AIM OF THE TASK:
What you return should be only the lines in the entries below between the one holding "- kierrepakat 17" and the one holding "렌터카라면 반드시 반납", ends included, with every picture left out.

——————————

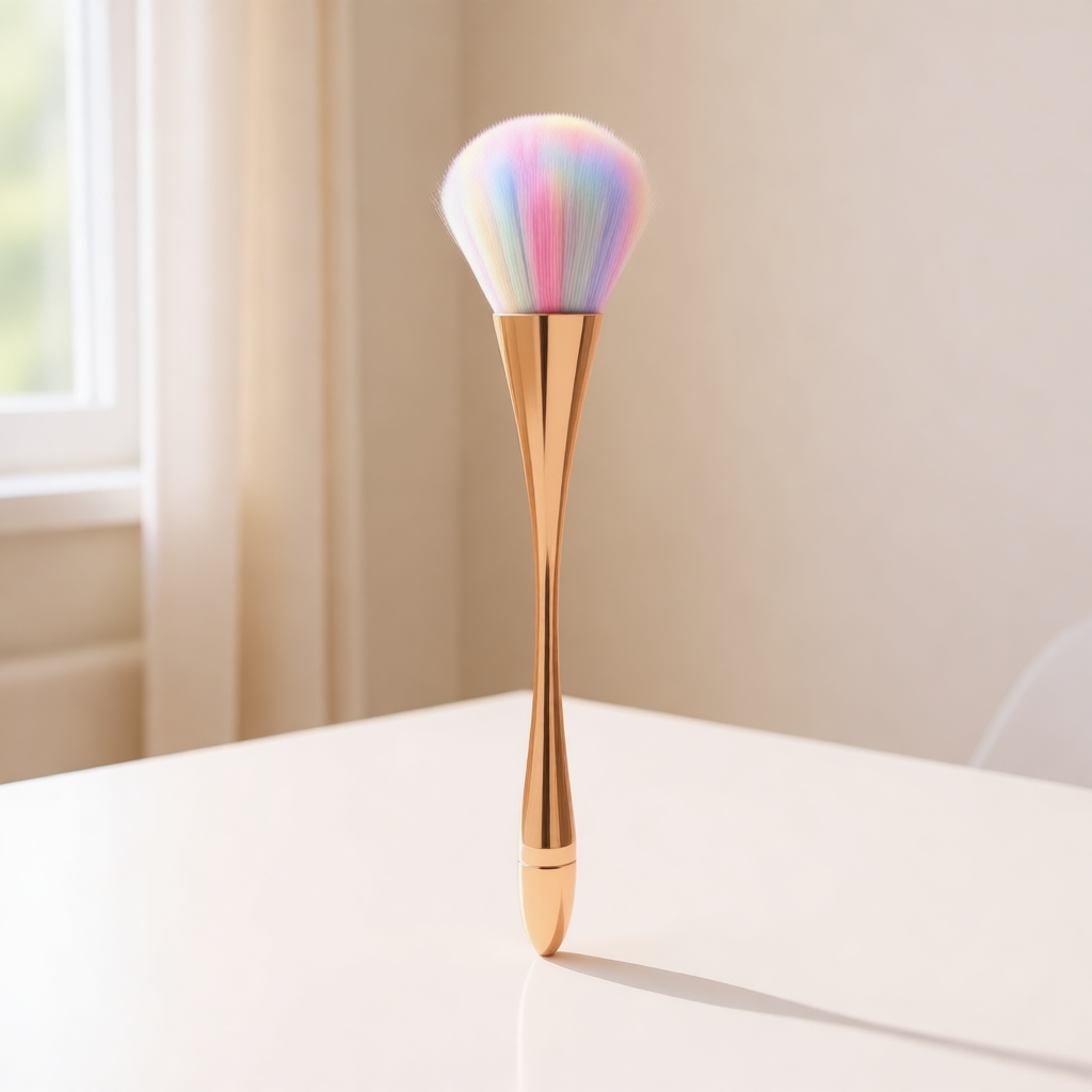 This nail dust brush features ultra-soft, dense bristles that effectively sweep away fine nail dust without irritating the skin. The lightweight, ergonomic handle provides a comfortable grip, allowing precise and effortless cleaning around nails and cuticles. Its elegant design makes it suitable for both salon use and personal nail care kits.
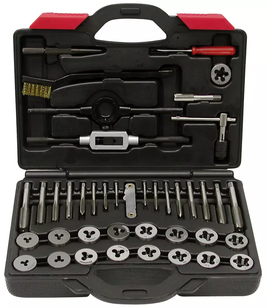 - kierrepakat 17 kpl: M3x0,5 - M3x0,6 - M4x0,7 - M4x0,75 - M5x0,8 - M5x0,9 - M6x0,75 - M6x1,0 - M7x0,75 - M7x1,0 - M8x1,0 - M8x1,25 - M10x1,25 - M10x1,5 - M12x1,5 - M12x1,75 - 1/8 NPT 27
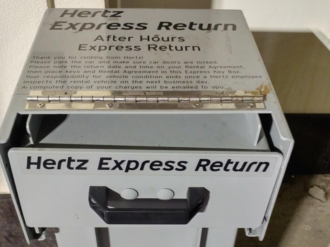 렌터카라면 반드시 반납 절차를 꼼꼼히 알아둡니다. 반납 시간은 예정시간보다 3-4시간쯤 여유 있게. 안 그러면 런닝맨 찍게 됩니다. 저는 Hertz를 통해 샌프란시스코에서 빌려서 라스베이거스 반납이었는데 가는 길에 눈이 심하게 와서 도착했을 땐 이미 사무실 운영시간이 끝나 있었답니다. 코스모폴리탄 호텔에 반납하면 된대서 일단 주차장으로 진입해서 벨보이한테 물어보니 누구는 지하 2층에 누구는 지하 5층에 대라는데 알고 보니 지하 2층이 맞았으며, 그걸 모르고 지하 5층에 일단 반납한 나는 그 차를 다시 찾느라 런닝맨 찍었.... 키는 사무실에서 주차장 쪽으로 바깥으로 나와 저렇게 생긴 데 넣으면 됩니다.
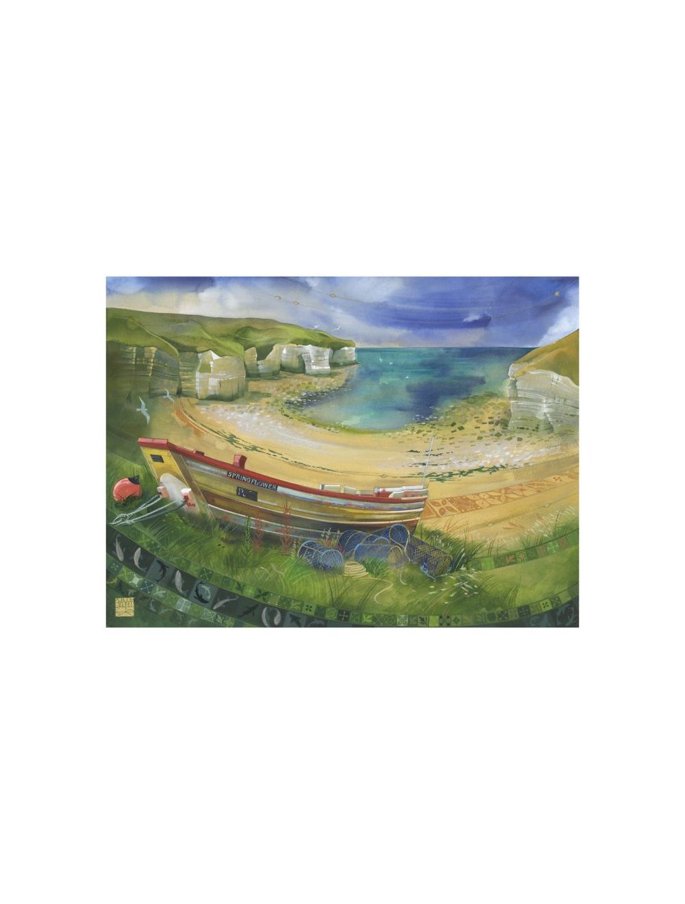 Painted in 2019 for ‘Catching the Light', a solo exhibition at Chantry House Gallery. Flamborough Head Cove, on a beautiful hot July day in 2018. I’m not sure if the Springflower is seaworthy, but I loved the way the curves of the boat echoed the curves of the cove. The chalk cliffs make the water a beautiful turquoise blue.
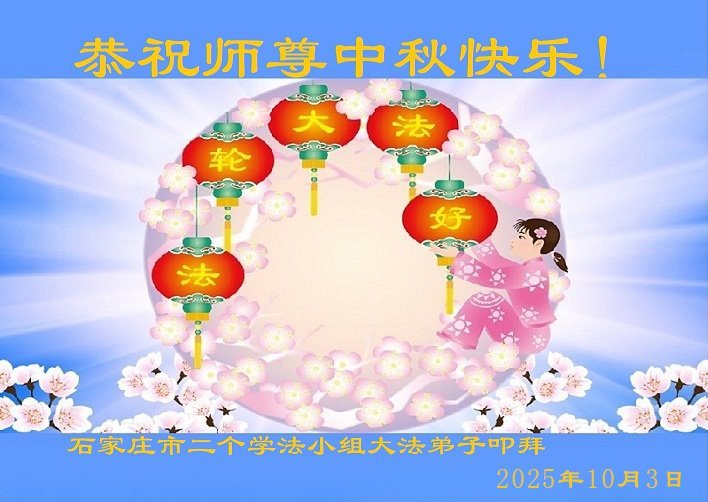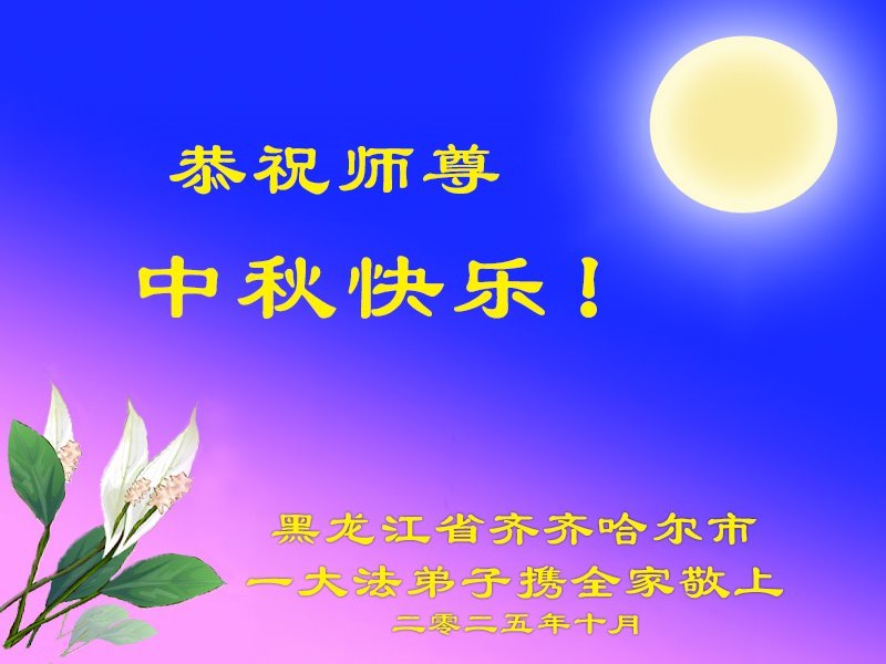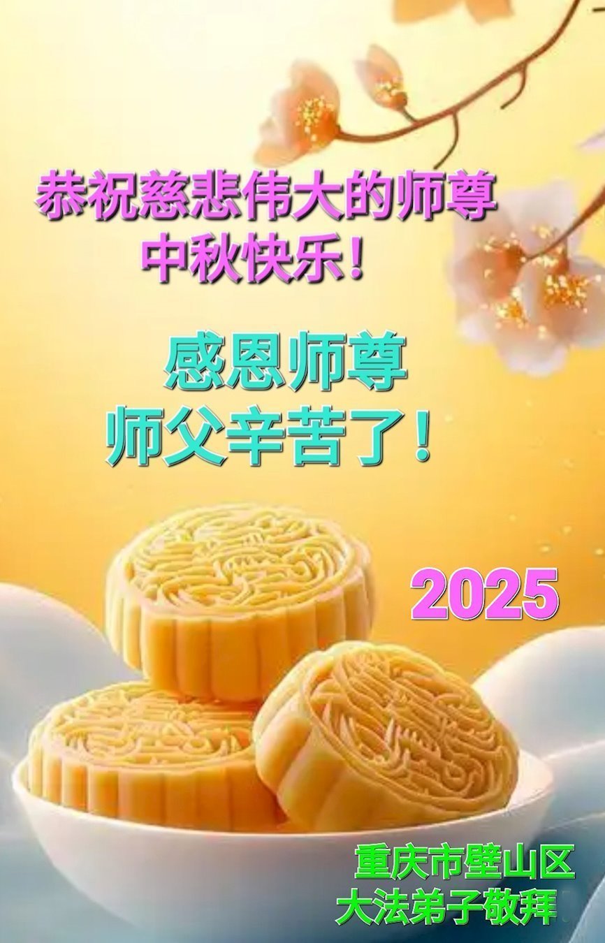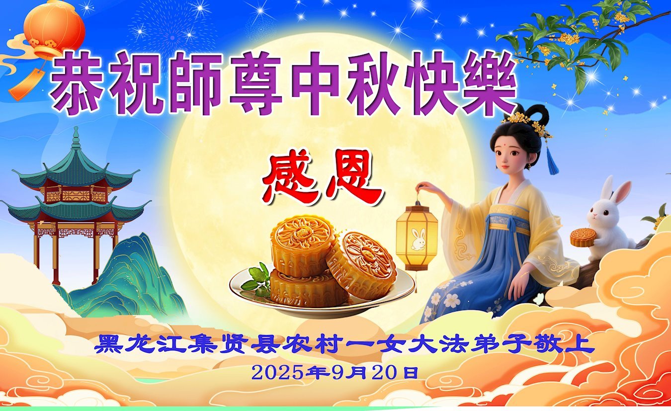 【明慧网二零二五年十月五日】(明慧网通讯员综合报道)海天一碧月儿圆,随师正法在人间。在这中秋佳节万家团圆的日子里,中国大陆各省市大法弟子们万分想念师父,感恩师父!感念师尊亲临世间传大法,赐予众生得救的万古机缘。不管未来的路是艰难还是平坦,弟子们都会义无反顾的紧随师尊,把阳光与希望洒向人间。
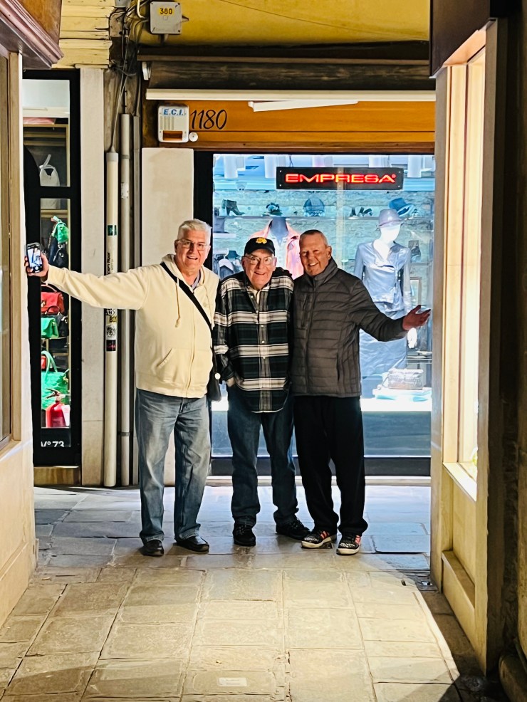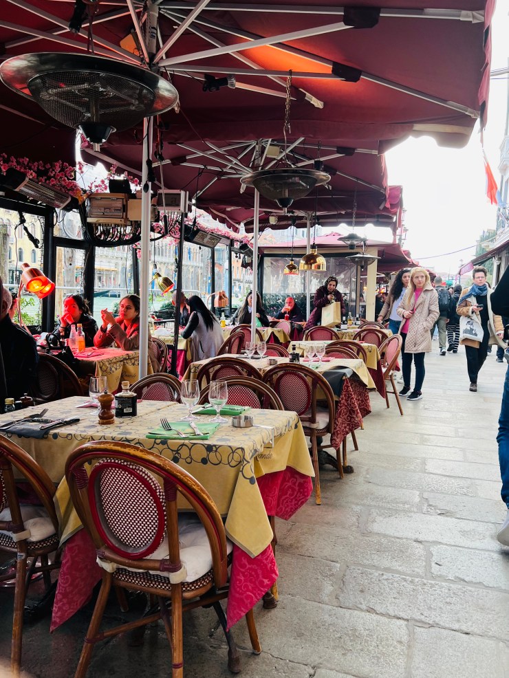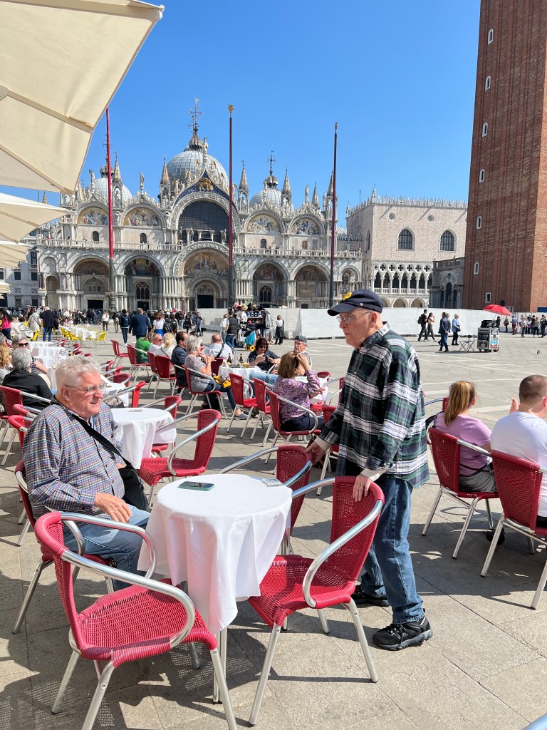 Taking the vaporetto back we met John near our hotel for drinks, we then heard helicopters hovering nearby but not in sight. Again, what was going on in Venice? Later in our hotel a notice was posted about a civil disturbance and that everyone was encouraged to avoid the area as a curfew was also in place in the area affected. It must have been something  significant, but we wouldn’t know what.

——————————

RESPONSE BELOW:
 - kierrepakat 17 kpl: M3x0,5 - M3x0,6 - M4x0,7 - M4x0,75 - M5x0,8 - M5x0,9 - M6x0,75 - M6x1,0 - M7x0,75 - M7x1,0 - M8x1,0 - M8x1,25 - M10x1,25 - M10x1,5 - M12x1,5 - M12x1,75 - 1/8 NPT 27
 렌터카라면 반드시 반납 절차를 꼼꼼히 알아둡니다. 반납 시간은 예정시간보다 3-4시간쯤 여유 있게. 안 그러면 런닝맨 찍게 됩니다. 저는 Hertz를 통해 샌프란시스코에서 빌려서 라스베이거스 반납이었는데 가는 길에 눈이 심하게 와서 도착했을 땐 이미 사무실 운영시간이 끝나 있었답니다. 코스모폴리탄 호텔에 반납하면 된대서 일단 주차장으로 진입해서 벨보이한테 물어보니 누구는 지하 2층에 누구는 지하 5층에 대라는데 알고 보니 지하 2층이 맞았으며, 그걸 모르고 지하 5층에 일단 반납한 나는 그 차를 다시 찾느라 런닝맨 찍었.... 키는 사무실에서 주차장 쪽으로 바깥으로 나와 저렇게 생긴 데 넣으면 됩니다.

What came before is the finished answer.